--- STORED DATA Enclosed Below ---

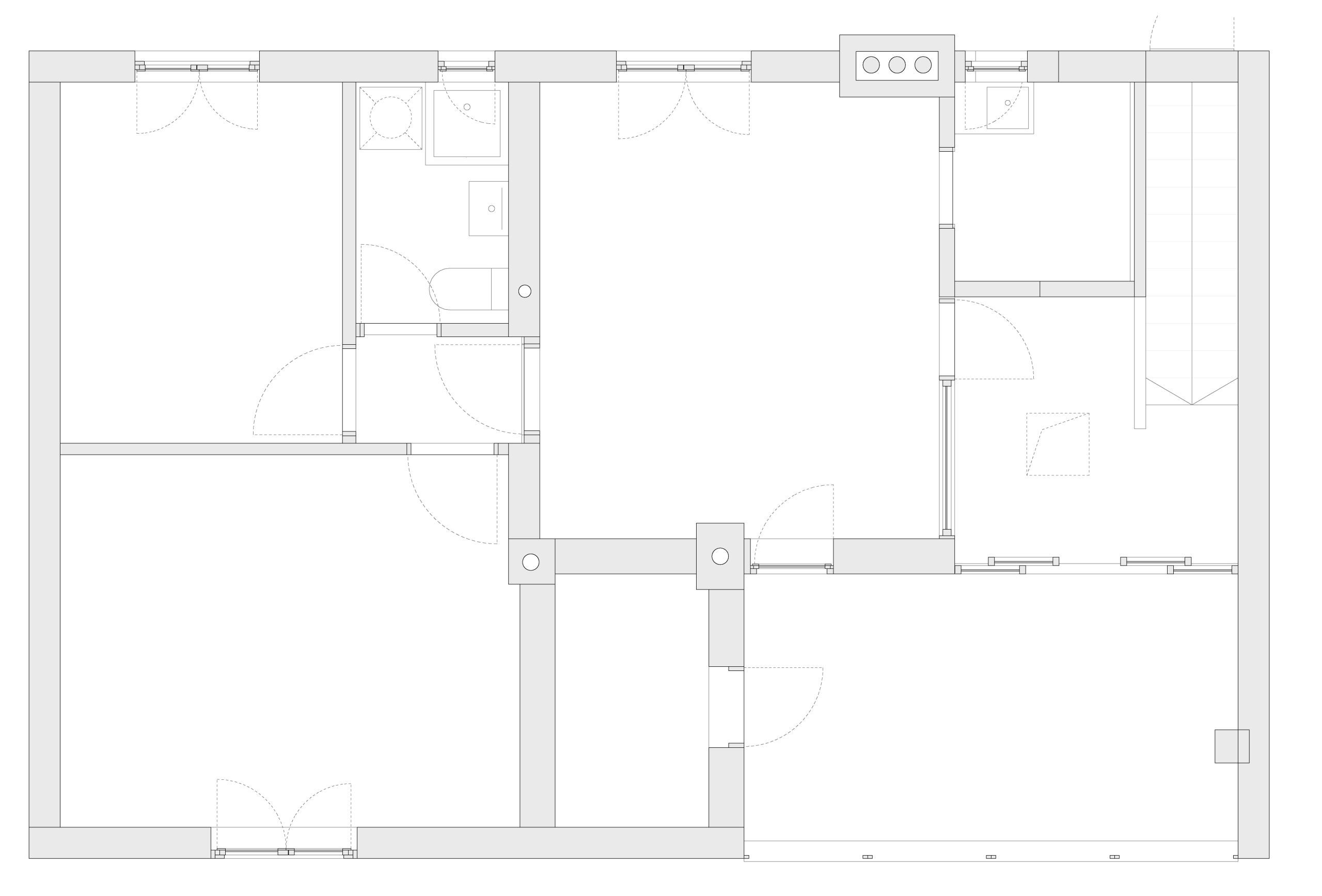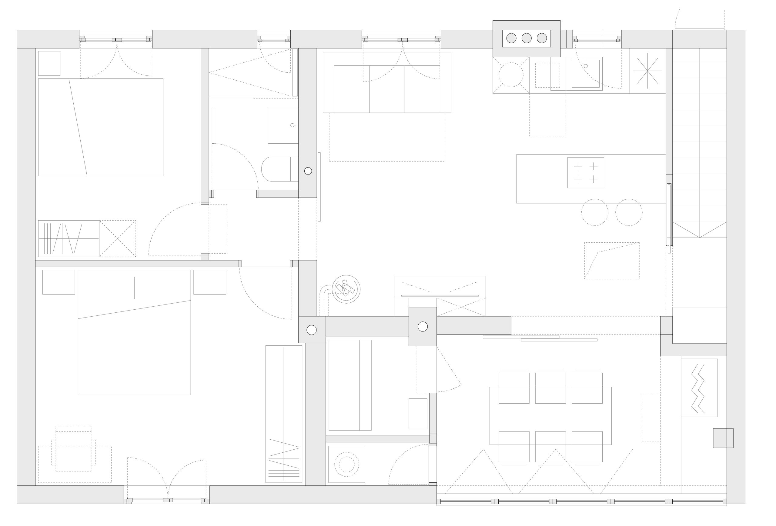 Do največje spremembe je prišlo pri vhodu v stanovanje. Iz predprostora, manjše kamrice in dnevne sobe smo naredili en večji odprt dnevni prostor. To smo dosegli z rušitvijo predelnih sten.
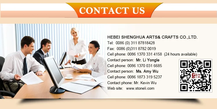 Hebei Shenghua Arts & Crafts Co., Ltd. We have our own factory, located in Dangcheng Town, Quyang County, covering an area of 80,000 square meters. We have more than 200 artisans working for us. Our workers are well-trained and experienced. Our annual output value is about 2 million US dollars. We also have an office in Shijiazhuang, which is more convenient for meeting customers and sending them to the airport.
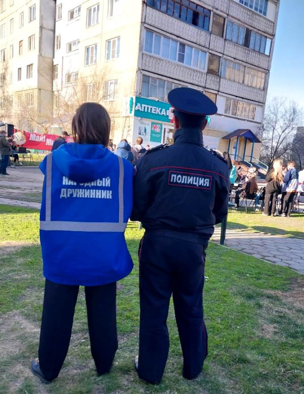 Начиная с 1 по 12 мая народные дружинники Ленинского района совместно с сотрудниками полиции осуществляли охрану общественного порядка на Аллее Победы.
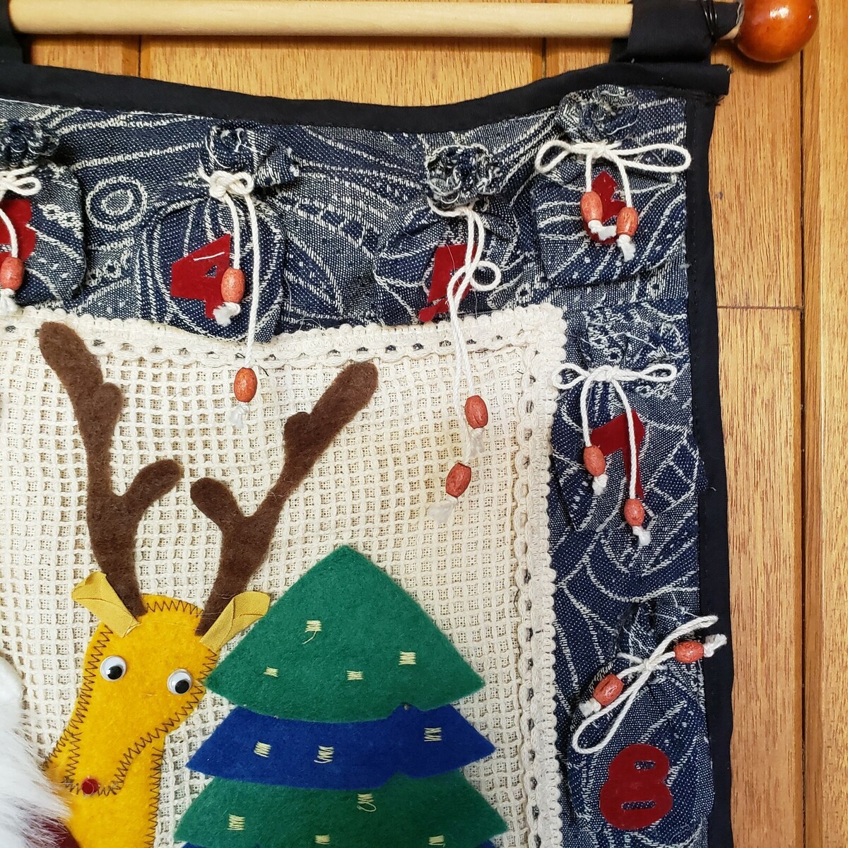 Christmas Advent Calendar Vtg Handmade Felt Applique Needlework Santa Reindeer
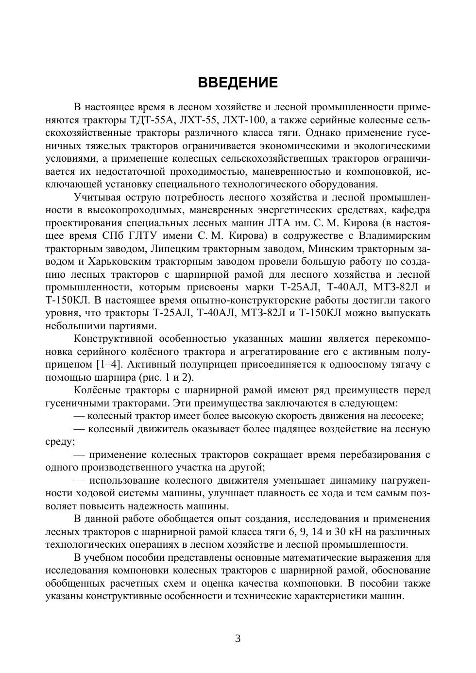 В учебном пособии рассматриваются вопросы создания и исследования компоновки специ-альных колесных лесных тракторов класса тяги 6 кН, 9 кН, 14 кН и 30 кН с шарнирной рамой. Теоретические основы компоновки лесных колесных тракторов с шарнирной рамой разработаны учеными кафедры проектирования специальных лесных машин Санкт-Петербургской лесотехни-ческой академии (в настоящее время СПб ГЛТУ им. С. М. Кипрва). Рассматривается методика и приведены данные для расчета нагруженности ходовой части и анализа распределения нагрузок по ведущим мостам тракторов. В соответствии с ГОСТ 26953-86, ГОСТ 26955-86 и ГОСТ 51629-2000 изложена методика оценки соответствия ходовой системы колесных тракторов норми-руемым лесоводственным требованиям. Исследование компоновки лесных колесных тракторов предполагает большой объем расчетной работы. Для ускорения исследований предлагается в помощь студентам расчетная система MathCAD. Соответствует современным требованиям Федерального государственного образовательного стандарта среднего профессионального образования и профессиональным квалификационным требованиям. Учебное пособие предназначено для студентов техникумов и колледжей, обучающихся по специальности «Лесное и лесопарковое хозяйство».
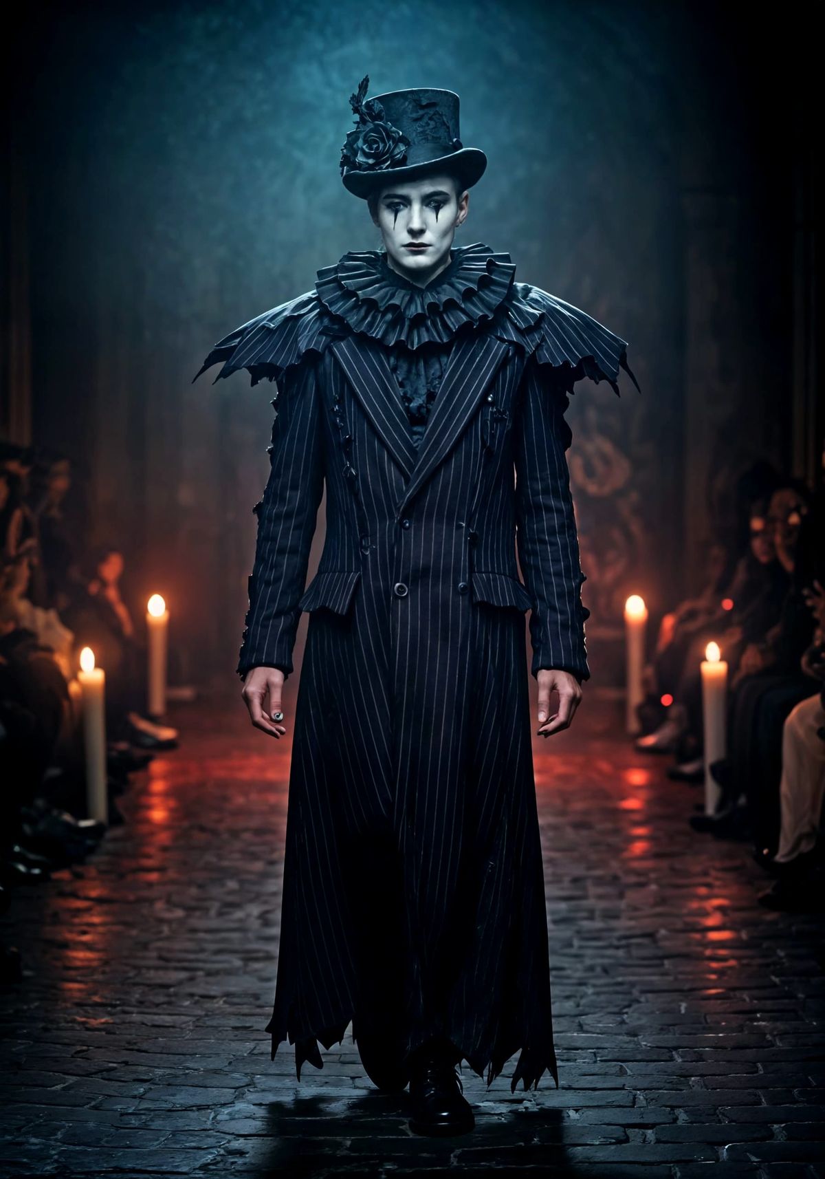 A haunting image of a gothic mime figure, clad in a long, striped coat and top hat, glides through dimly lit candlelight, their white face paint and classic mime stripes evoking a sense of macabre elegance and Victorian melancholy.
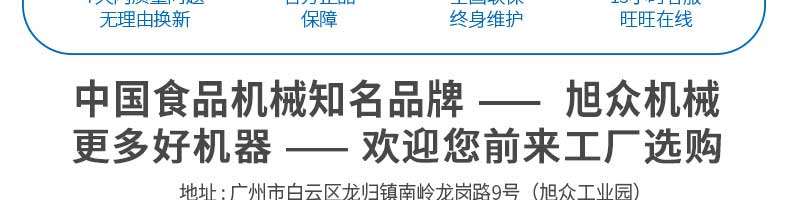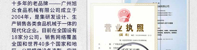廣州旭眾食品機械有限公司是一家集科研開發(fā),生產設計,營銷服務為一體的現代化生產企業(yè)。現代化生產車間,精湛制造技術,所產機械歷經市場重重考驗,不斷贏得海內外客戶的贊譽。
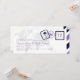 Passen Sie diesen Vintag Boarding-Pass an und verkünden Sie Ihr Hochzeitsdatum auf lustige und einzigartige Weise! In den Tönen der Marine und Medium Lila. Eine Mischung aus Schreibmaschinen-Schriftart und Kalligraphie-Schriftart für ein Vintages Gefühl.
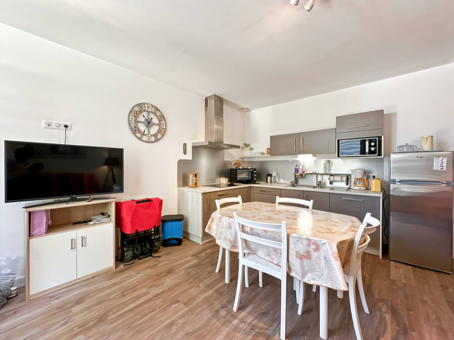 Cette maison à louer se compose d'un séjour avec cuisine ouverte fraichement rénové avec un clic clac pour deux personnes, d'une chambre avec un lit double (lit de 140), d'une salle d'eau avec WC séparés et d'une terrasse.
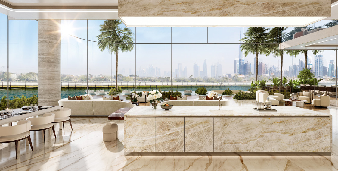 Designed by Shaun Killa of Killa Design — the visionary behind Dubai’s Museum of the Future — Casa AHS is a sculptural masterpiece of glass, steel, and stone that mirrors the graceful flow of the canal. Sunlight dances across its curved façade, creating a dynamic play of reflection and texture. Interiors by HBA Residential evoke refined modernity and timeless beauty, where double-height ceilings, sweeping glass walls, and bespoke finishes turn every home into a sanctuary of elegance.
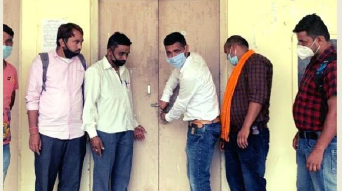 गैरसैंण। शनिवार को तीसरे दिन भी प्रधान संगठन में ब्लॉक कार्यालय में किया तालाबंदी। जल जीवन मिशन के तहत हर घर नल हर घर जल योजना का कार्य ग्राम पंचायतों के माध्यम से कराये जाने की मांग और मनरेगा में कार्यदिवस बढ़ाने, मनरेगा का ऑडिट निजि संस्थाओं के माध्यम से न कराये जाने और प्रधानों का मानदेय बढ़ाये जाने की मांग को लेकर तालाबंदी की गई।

--- End of Enclosed STORED DATA ---

→ YOUR GOAL: The output is the stretch above from the line with "Начиная с 1" through the line with "Christmas Advent Calendar", copied word for word with both ends kept and every picture dropped.

→ SOLVED EXERCISE:
 Начиная с 1 по 12 мая народные дружинники Ленинского района совместно с сотрудниками полиции осуществляли охрану общественного порядка на Аллее Победы.
 Christmas Advent Calendar Vtg Handmade Felt Applique Needlework Santa Reindeer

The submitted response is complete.